Starting at the line with "此次选择了 OFF-WHITE x" and ending at the line with "3月1日,行者无疆AR眼镜声", print exactly the lines of the entries below. Pictures do not belong in the copy.

▶ **Source data**
************

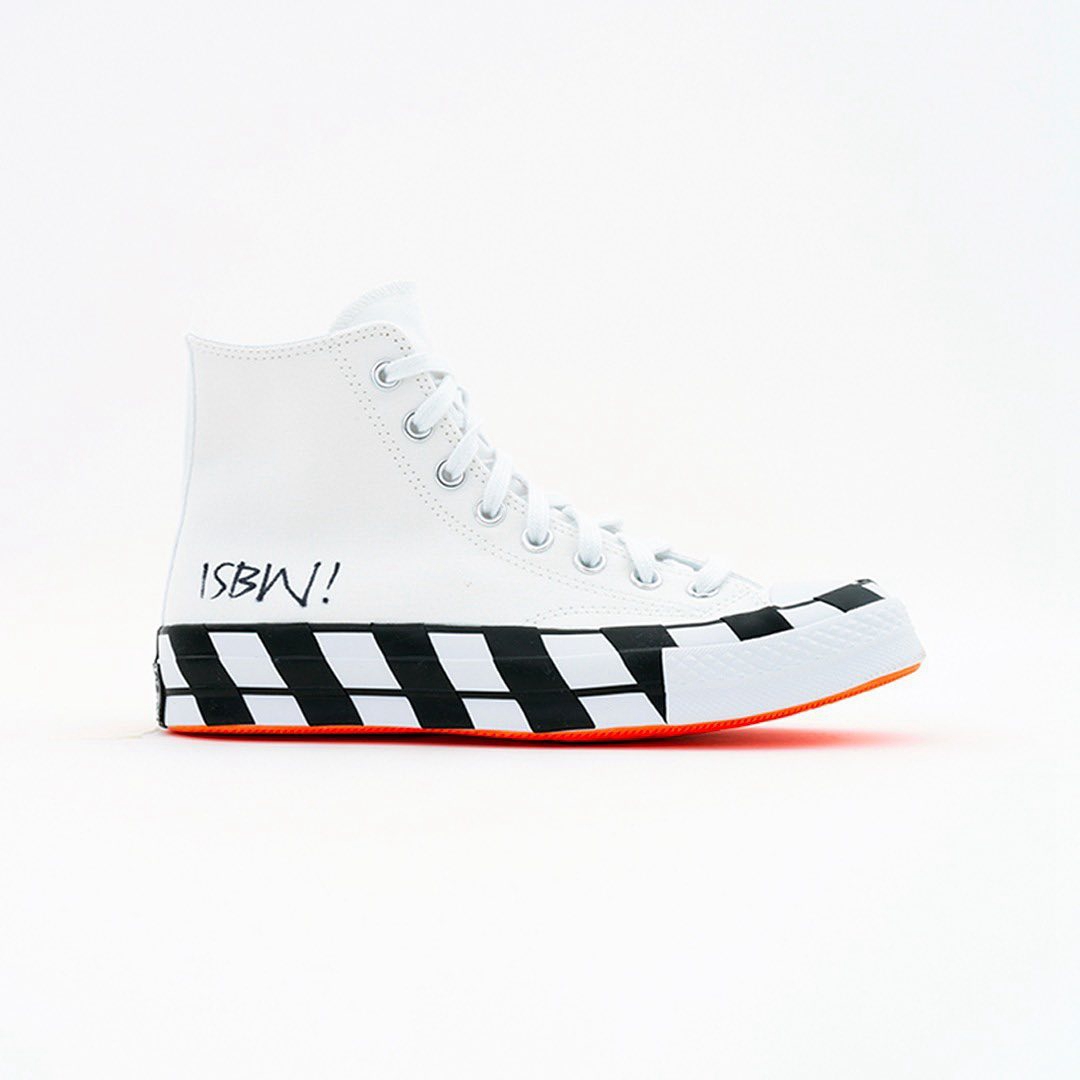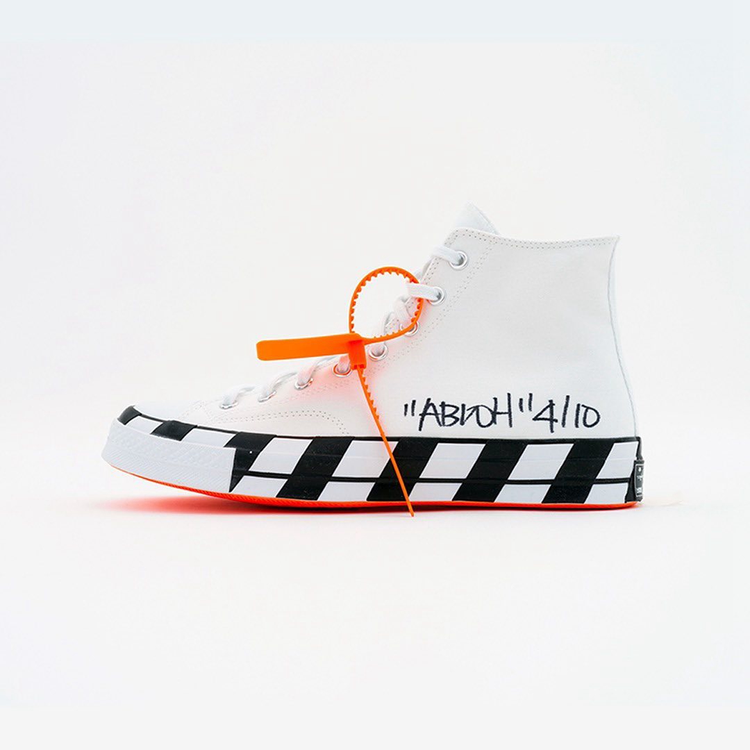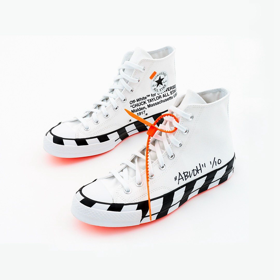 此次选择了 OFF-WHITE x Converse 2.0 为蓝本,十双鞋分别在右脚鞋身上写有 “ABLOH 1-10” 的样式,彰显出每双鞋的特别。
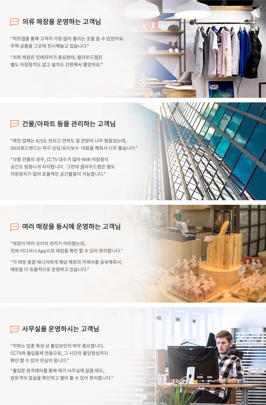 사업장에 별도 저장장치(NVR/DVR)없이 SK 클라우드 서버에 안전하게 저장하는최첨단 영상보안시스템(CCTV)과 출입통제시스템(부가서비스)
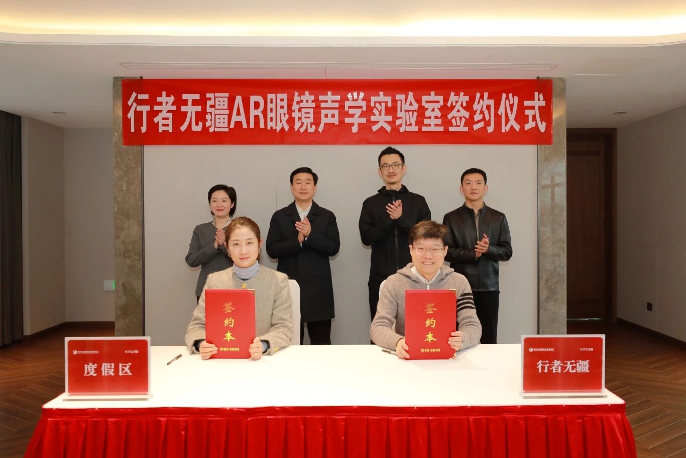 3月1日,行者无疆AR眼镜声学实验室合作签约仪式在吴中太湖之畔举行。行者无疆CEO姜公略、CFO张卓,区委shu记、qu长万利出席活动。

************

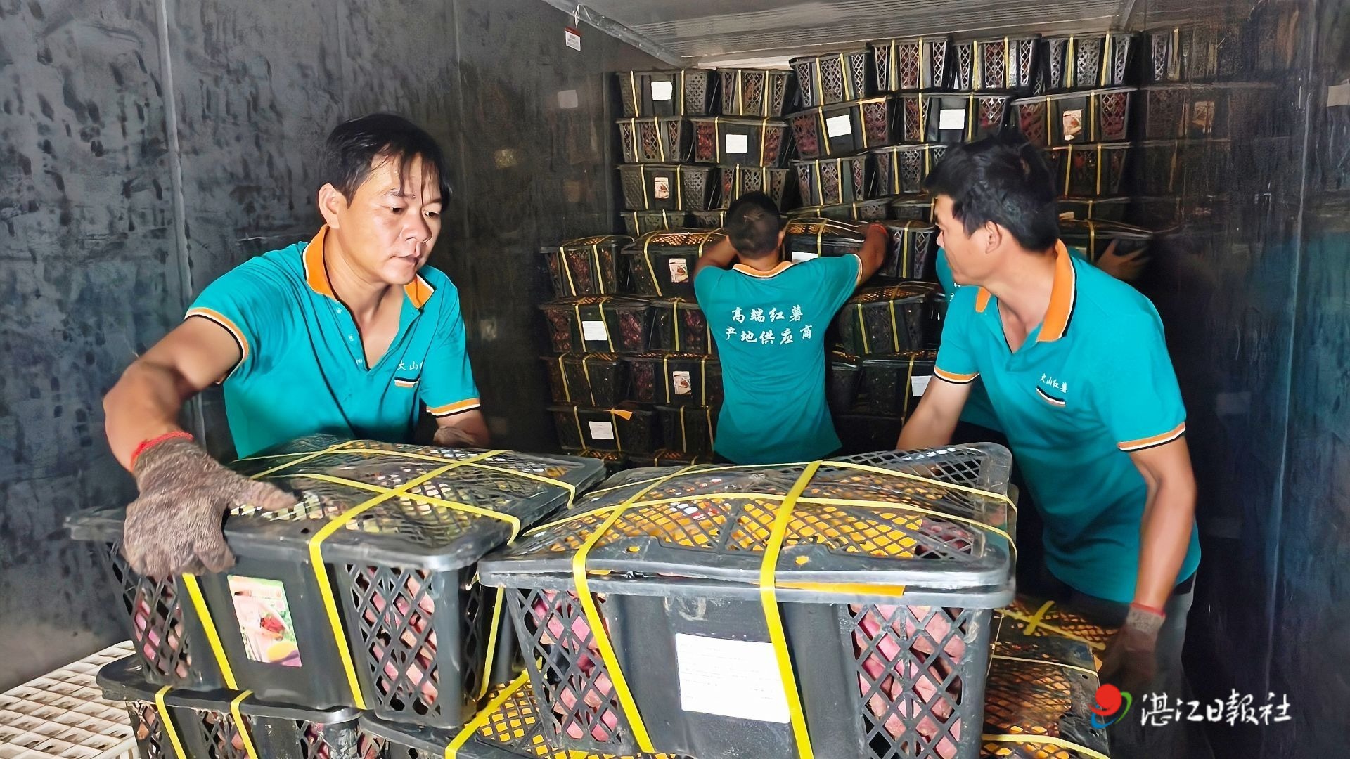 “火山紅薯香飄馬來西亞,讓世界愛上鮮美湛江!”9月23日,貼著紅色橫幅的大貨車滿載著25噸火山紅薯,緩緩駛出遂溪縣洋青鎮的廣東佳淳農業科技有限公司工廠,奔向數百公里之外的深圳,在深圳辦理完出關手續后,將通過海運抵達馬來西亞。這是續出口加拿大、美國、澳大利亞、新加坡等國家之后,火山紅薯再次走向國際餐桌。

************

▶ **Final answer**
 此次选择了 OFF-WHITE x Converse 2.0 为蓝本,十双鞋分别在右脚鞋身上写有 “ABLOH 1-10” 的样式,彰显出每双鞋的特别。
 사업장에 별도 저장장치(NVR/DVR)없이 SK 클라우드 서버에 안전하게 저장하는최첨단 영상보안시스템(CCTV)과 출입통제시스템(부가서비스)
 3月1日,行者无疆AR眼镜声学实验室合作签约仪式在吴中太湖之畔举行。行者无疆CEO姜公略、CFO张卓,区委shu记、qu长万利出席活动。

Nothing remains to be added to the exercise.